After turning over brilliant scripts for films such as Being John Malkovich, Adaptation, and Eternal Sunshine Of The Spotless Mind to other directors, screenwriter Charlie Kaufman will finally step behind the camera to direct a film called Synecdoche, New York. The story concerns a theater director whose world changes when he becomes convinced that he’s dying, but according to a salivating early report, that’s merely a springboard into something truly mind-blowing:

If this film gets made in any way that resembles what's on the page — and with the writer himself directing, it will likely gain even more color and potency in the translation — it will be some kind of miracle. "Synecdoche" will make "Adaptation" and "Eternal Sunshine" look like instructional industrial films. No one has ever written a screenplay like this. It's questionable whether cinema is even capable of handling the thematic, tonal and narrative weight of a story this ambitious.

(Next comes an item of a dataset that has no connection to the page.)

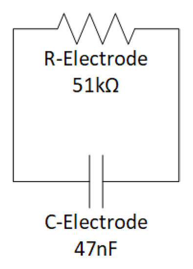 We consider the equivalent electrode skin impedance Zep established by the standard IEC 60601-2-47 that concerns the basic safety and essential performance of ambulatory electrocardiographic systems [34]. In this case, disabling the two inputs is equivalent to short-circuiting the input terminals. Thus, the simulation is developed by modeling the electrode–skin impedance as the parallel of one 51 kΩ resistor and one 47 nF capacitor, as shown in Figure 6. Case 2 (Zep = 0) is shown in Figure 7.

Boy, you’ve got to hand to those cats over at Ain’t It Cool News: They can sure get you psyched about seeing a movie, even when not a foot of celluloid has been run through the camera. Only this report comes not from AICN, but from a new L.A. Times feature called Scriptland, which offers advance reports on scripts prior to their production. By the author’s own admission, “many people, beginning with Kaufman, do not want me to have the script, do not want me to read the script, and without question do not want me to write anything about the script.”

Based on the chorus of entertainment columnists damning the Scriptland feature, Kaufman is not alone. Is it fair for writers to speculate on scripts and movies still in the early stages of development? Is this a desperate attempt for traditional media outlets to catch up with the Internet buzzmeisters? You decide.